1. Let [tex]a,b,c[/tex] be the three points of intersection, i.e. the solutions to [tex]f(x)=g(x)[/tex]. They are approximately
[tex]a\approx-3.638[/tex]
[tex]b\approx-1.862[/tex]
[tex]c\approx0.889[/tex]
Then the area [tex]R+S[/tex] is
[tex]\displaystyle\int_a^c|f(x)-g(x)|\,\mathrm dx=\int_a^b(g(x)-f(x))\,\mathrm dx+\int_b^c(f(x)-g(x))\,\mathrm dx[/tex]
since over the interval [tex][a,b][/tex] we have [tex]g(x)\ge f(x)[/tex], and over the interval [tex][b,c][/tex] we have [tex]g(x)\le f(x)[/tex].
[tex]\displaystyle\int_a^b\left(\dfrac{x+1}3-\cos x\right)\,\mathrm dx+\int_b^c\left(\cos x-\dfrac{x+1}3\right)\,\mathrm dx\approx\boxed{1.662}[/tex]
2. Using the washer method, we generate washers with inner radius [tex]r_{\rm in}(x)=2-\max\{f(x),g(x)\}[/tex] and outer radius [tex]r_{\rm out}(x)=2-\min\{f(x),g(x)\}[/tex]. Each washer has volume [tex]\pi({r_{\rm out}(x)}^2-{r_{\rm in}(x)}^2)[/tex], so that the volume is given by the integral
[tex]\displaystyle\pi\int_a^b\left((2-\cos x)^2-\left(2-\frac{x+1}3\right)^2\right)\,\mathrm dx+\pi\int_b^c\left(\left(2-\frac{x+1}3\right)^2-(2-\cos x)^2\right)\,\mathrm dx\approx\boxed{18.900}[/tex]
3. Each semicircular cross section has diameter [tex]g(x)-f(x)[/tex]. The area of a semicircle with diameter [tex]d[/tex] is [tex]\dfrac{\pi d^2}8[/tex], so the volume is
[tex]\displaystyle\frac\pi8\int_a^b\left(\frac{x+1}3-\cos x\right)^2\,\mathrm dx\approx\boxed{0.043}[/tex]
4. [tex]f(x)=\cos x[/tex] is continuous and differentiable everywhere, so the the mean value theorem applies. We have
[tex]f'(x)=-\sin x[/tex]
and by the MVT there is at least one [tex]c\in(0,\pi)[/tex] such that
[tex]-\sin c=\dfrac{\cos\pi-\cos0}{\pi-0}[/tex]
[tex]\implies\sin c=\dfrac2\pi[/tex]
[tex]\implies c=\sin^{-1}\dfrac2\pi+2n\pi[/tex]
for integers [tex]n[/tex], but only one solution falls in the interval [tex][0,\pi][/tex] when [tex]n=0[/tex], giving [tex]c=\sin^{-1}\dfrac2\pi\approx\boxed{0.690}[/tex]

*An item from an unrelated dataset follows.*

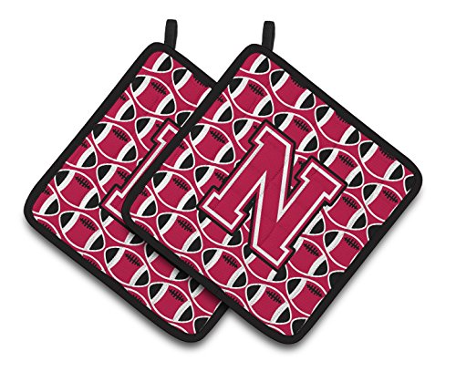 Caroline's Treasures Letter N Football Crimson & White Pair of Pot Holders CJ1079-NPTHD, 7.5HX7.5W, Multicolor

5. Take the derivative of the velocity function:
[tex]v'(t)=2t-9[/tex]
We have [tex]v'(t)=0[/tex] when [tex]t=\dfrac92=4.5[/tex]. For [tex]0\le t<4.5[/tex], we see that [tex]v'(t)<0[/tex], while for [tex]4.5<t\le8[/tex], we see that [tex]v'(t)>0[/tex]. So the particle is speeding up on the interval [tex]\boxed{\dfrac92<t\le8}[/tex] and slowing down on the interval [tex]\boxed{0\le t<\dfrac92}[/tex].